- [Supplied records]:

::::::::

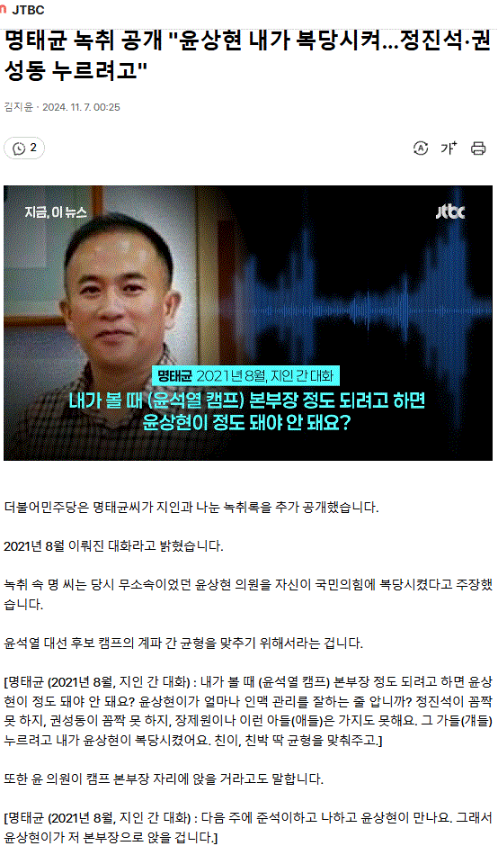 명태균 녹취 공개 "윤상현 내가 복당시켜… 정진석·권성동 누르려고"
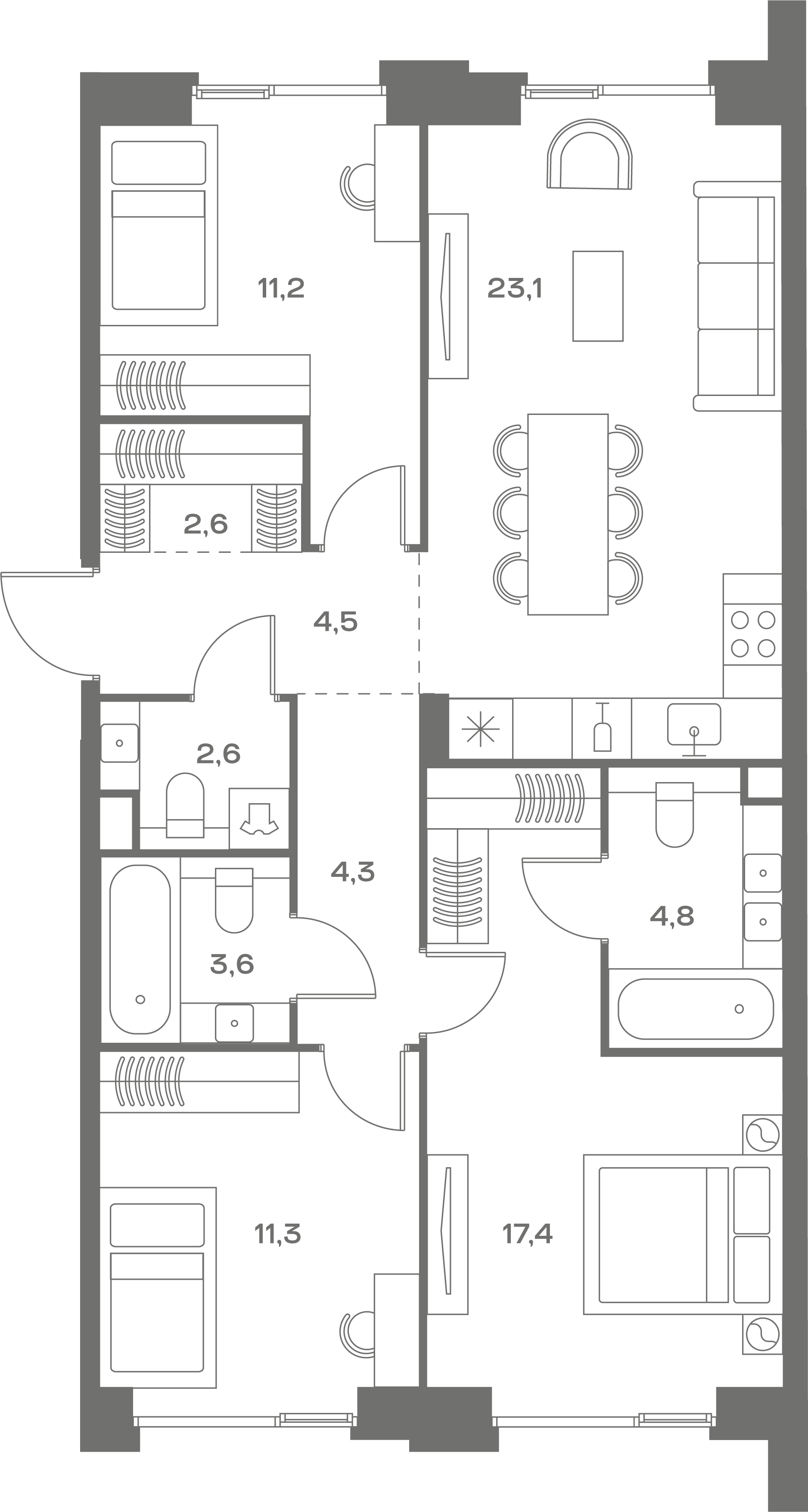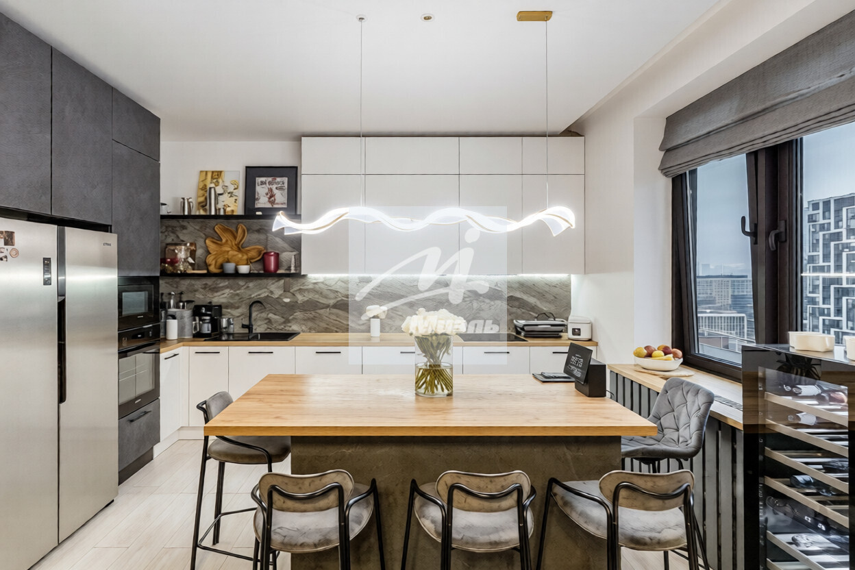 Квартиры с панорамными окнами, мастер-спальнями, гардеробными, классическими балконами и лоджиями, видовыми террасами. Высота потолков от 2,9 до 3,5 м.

::::::::

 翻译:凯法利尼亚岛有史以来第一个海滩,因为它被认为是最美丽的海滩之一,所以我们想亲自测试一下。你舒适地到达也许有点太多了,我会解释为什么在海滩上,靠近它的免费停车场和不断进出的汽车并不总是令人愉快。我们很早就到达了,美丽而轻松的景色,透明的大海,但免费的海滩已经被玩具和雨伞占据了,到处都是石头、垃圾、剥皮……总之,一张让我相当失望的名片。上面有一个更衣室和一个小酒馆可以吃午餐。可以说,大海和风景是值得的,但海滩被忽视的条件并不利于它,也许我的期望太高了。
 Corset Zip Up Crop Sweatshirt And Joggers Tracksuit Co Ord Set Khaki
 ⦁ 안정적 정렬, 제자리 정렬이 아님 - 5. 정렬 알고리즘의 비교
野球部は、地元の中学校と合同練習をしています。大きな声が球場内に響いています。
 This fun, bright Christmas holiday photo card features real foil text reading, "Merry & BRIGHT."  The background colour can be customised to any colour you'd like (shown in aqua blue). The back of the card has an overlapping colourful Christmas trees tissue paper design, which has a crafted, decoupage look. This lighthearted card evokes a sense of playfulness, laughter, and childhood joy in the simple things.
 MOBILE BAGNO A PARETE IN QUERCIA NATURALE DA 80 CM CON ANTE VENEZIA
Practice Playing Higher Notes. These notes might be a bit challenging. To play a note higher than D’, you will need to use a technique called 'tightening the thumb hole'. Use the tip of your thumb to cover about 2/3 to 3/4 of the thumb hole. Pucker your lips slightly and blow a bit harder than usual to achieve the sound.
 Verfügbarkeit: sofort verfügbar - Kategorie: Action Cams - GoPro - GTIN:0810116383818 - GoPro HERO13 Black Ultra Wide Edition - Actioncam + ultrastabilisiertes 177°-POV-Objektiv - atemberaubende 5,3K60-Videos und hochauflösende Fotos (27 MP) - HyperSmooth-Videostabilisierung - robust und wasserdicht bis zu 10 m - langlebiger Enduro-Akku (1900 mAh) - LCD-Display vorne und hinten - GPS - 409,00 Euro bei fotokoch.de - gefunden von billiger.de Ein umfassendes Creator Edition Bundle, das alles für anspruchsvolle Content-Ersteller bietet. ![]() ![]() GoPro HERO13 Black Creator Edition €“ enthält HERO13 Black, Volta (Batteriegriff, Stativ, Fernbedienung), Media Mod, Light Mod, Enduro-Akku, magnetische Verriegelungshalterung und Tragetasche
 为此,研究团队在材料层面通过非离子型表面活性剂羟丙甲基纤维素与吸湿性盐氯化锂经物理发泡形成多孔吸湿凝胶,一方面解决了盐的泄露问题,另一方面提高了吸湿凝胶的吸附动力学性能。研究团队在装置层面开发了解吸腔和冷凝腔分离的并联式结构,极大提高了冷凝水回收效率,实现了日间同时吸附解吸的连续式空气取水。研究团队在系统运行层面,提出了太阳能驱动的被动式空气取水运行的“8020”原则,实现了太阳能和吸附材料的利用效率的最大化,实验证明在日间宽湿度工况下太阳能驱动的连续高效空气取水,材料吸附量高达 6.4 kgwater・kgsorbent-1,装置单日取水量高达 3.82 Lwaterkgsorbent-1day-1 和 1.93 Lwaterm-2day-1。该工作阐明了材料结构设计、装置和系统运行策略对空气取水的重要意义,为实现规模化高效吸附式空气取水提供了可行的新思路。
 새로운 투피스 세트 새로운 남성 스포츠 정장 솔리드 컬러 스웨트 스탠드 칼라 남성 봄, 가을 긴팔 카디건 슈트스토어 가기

::::::::

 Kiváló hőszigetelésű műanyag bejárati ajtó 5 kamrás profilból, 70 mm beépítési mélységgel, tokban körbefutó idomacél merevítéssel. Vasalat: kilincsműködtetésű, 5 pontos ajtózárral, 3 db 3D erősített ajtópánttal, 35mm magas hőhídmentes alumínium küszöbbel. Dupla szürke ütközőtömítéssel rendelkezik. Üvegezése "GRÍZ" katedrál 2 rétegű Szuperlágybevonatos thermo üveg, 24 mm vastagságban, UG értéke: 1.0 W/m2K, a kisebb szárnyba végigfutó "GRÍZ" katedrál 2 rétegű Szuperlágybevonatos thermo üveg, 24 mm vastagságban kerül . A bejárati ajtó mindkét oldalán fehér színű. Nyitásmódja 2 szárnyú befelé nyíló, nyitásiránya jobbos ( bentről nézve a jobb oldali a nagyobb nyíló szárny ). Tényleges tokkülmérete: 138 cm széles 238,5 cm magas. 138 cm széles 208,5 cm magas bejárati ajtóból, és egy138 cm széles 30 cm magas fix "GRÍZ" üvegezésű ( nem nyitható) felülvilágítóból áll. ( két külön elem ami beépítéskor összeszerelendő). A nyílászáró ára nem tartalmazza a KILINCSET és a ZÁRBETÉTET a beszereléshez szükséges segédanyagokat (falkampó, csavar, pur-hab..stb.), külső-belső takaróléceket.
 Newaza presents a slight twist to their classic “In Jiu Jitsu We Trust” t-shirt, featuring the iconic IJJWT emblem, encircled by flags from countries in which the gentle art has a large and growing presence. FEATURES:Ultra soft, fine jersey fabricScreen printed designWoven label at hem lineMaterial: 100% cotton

::::::::

- [What the task requires]: Taking the entries above, restate exactly those lines that fall between the line with "6.4 kgwater・kgsorbent-1,装置单日取水量高达 3.82" and the line with "새로운 투피스 세트 새로운", keeping both of those lines too.

- [Solution below]:
 为此,研究团队在材料层面通过非离子型表面活性剂羟丙甲基纤维素与吸湿性盐氯化锂经物理发泡形成多孔吸湿凝胶,一方面解决了盐的泄露问题,另一方面提高了吸湿凝胶的吸附动力学性能。研究团队在装置层面开发了解吸腔和冷凝腔分离的并联式结构,极大提高了冷凝水回收效率,实现了日间同时吸附解吸的连续式空气取水。研究团队在系统运行层面,提出了太阳能驱动的被动式空气取水运行的“8020”原则,实现了太阳能和吸附材料的利用效率的最大化,实验证明在日间宽湿度工况下太阳能驱动的连续高效空气取水,材料吸附量高达 6.4 kgwater・kgsorbent-1,装置单日取水量高达 3.82 Lwaterkgsorbent-1day-1 和 1.93 Lwaterm-2day-1。该工作阐明了材料结构设计、装置和系统运行策略对空气取水的重要意义,为实现规模化高效吸附式空气取水提供了可行的新思路。
 새로운 투피스 세트 새로운 남성 스포츠 정장 솔리드 컬러 스웨트 스탠드 칼라 남성 봄, 가을 긴팔 카디건 슈트스토어 가기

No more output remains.